Now, as Minister for Natural Resources Pat Rabbitte wryly admitted in the Dáil recently, everybody is an expert on the issue.

Even before the companies involved have literally or figuratively scratched the surface, the fracking debate breaks down into roughly three camps.

There are those who are opposed outright to the concept of fracking, citing problems in the US and there are those who support it outright, though they are largely silent. In between are local people who are adapting a “wait and see” approach and are mulling over two wildly different views of the same process and waiting for the Environmental Protection Agency to carry out an environmental impact assessment.

As in most disputes where there are environmental concerns, those opposed are the most motivated and well-organised. Their attempts to galvanise local people have succeeded in getting a unanimous decision by both Leitrim and Roscommon county councils calling for a five-year moratorium on fracking in Ireland.

The councils’ stance is not binding on the Government but indicates those opposed to the process of fracking as currently constituted have mainstream support.

There has already been a myriad of anti-fracking groups set up and a series of public meetings has left Tamboran in no doubt as to how those opposed to the process feel about it.

The arguments against are summarised in a presentation made to Rabbitte last month.

Those opposed say the sheer scale of what is proposed is excessive.

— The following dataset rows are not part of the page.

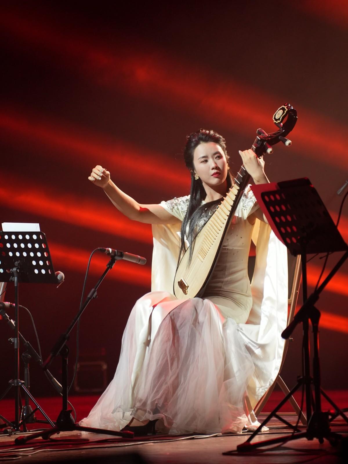 作为整场演出的艺术指导,乔鹤老师不仅通过对每个曲目的精心编排,层层递进地诠释“爱”的主题,更是以精湛的琵琶演奏艺术带动全场演绎民族风情、英雄悲情、人间真情、化蝶爱情,最后将“爱”的旋律推向家国至情的高潮。
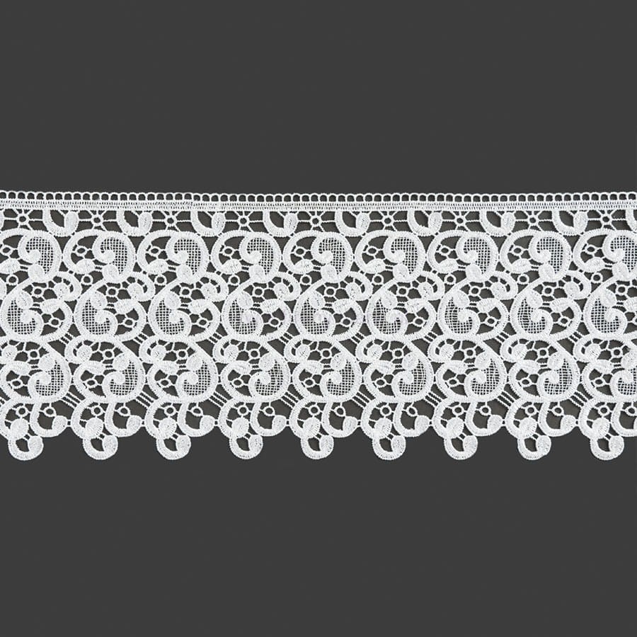 Lambrekin z woalu gładkiego w kolorze białym. Krótka firana uszyta na taśmie marszczącej typu smok o szer. 5 cm. Dół obszyty koronkową gipiurą o szer. 20 cm. Firana do wieszania na żabki lub haczyki.
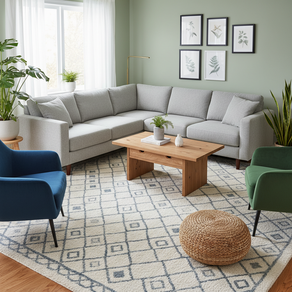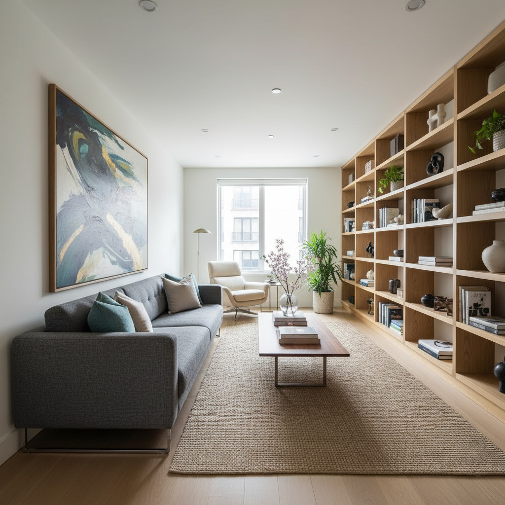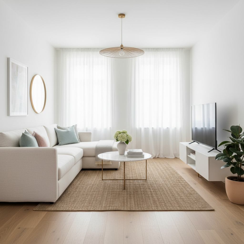 Embrace the clean, functional, and cozy aesthetic of Scandinavian design. Opt for light wood furniture with simple, elegant lines. A compact sofa in a light grey or cream fabric, paired with a sheepskin throw and minimalist art, creates a serene space. The palette is typically muted—whites, greys, pale blues, and natural wood. The atmosphere is calm, welcoming, and uncluttered.
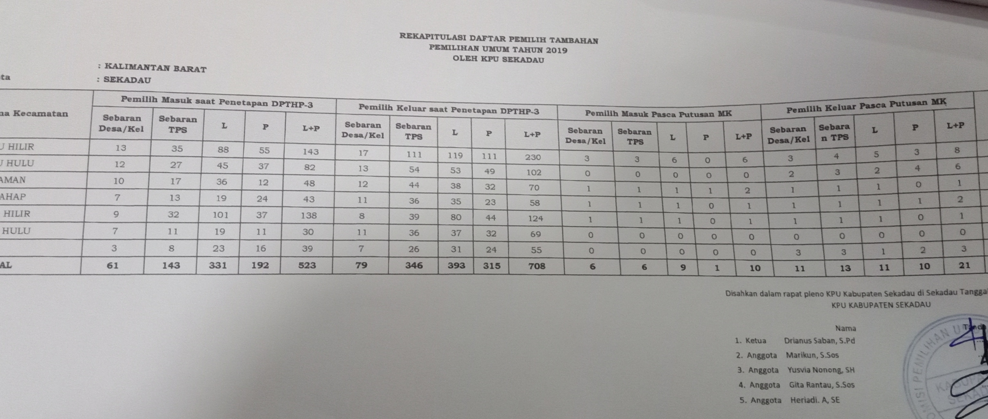 Ia menyampaikan bahwa, daftar pemilih tambahan Kabupaten Sekadau pemilu 2019, pemilih masuk pasca keputusan MK, yakni, sebaran desa 6, sebaran TPS 6, laki+perempuan 10 dan pemilih keluar pasca putusan MK, sebaran desa 11, sebaran TPS 13, laki+perempuan 21.

It would include 100 well pads with 1,000 wells, concentrated in a triangle of land in north Leitrim.

This would be incompatible with north Leitrim’s future in agriculture and ecotourism, the document claims.

They also maintain the process of fracking, which involves millions of gallons of water being pumped at high pressure into wells contaminates water supplies and pollutes the air.

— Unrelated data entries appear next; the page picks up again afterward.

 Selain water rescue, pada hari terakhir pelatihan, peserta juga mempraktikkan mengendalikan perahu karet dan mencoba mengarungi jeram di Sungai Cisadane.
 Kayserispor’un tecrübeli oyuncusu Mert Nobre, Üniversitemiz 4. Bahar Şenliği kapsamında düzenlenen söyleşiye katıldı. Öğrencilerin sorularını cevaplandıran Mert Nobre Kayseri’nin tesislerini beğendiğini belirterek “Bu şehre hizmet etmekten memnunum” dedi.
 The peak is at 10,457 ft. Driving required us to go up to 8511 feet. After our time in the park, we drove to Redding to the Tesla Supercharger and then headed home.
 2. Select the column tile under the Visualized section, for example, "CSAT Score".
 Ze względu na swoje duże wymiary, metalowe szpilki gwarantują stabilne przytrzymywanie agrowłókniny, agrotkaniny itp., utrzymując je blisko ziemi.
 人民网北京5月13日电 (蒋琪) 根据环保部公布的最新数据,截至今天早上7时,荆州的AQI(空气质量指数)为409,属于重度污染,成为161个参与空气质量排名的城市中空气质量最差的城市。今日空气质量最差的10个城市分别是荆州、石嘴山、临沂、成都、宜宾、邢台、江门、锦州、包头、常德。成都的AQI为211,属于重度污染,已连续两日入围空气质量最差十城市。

One of those who met the Minister was Eddie Mitchell, the local chairman of the Fine Gael party.

Mitchell says he is “pro-development, but anti hydraulic fracturing” and those opposed to it go way beyond “hippy-types” or as a blogger called them “professional tree huggers” to include ordinary people who are not by nature serial agitators.

“We’re delighted that the gas is there and maybe we can come back to it in eight to 10 years time with a different process, but we don’t want to be casualties of energy security.”

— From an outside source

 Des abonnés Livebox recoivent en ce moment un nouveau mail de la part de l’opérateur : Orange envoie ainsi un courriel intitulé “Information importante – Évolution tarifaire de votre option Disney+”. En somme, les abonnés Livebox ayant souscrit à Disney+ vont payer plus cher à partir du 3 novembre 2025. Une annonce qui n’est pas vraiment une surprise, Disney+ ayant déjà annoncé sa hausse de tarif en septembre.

Leitrim’s only TD, Michael Colreavy (Sinn Féin), says he has heard enough about fracking to believe there is “no earthly way” the process should be allowed in the county.

He also fears the current economic climate will be used to pressurise local communities into accepting something that might not be in their long-term interests.

Drumshanbo-based Fine Gael councillor Enda McGloin conceded the “jury is out” on fracking and if there was a poll in the morning local people would probably vote against it, but that could change.

McGloin said he and others were putting their faith in the EPA to adjudicate on the competing arguments. “We have to trust that they will do it the fairest possible way,” he said.

Labour Senator Susan O’Keeffe said she too welcomed the intervention of the EPA, but its findings must be complemented by the experiences of other countries where fracking has taken place.

To that end she has organised a number of meetings for politicians in Leinster House. Recently she brought in the Dutch scientist CJ de Pater, who concluded that fracking caused minor earthquakes in Lancashire.

She added: “We need a lot more information and explanation. Clearly there have been problems in other countries, but equally Dr de Pater has been saying that fracking has gone on for years and years in the Netherlands and there has never been an issue.”

Given the depth of feeling involved and the strident nature of the arguments for and against, finding people who are prepared to say publicly they are in favour of the process is difficult.

However, one supporter familiar with the process of fracking who did not want to be named, said that done correctly it is 100 per cent safe.

“I think when the facts are explained to people and they know chemicals will not be used and it will bring money into the economy there will be no problem with it,” he said.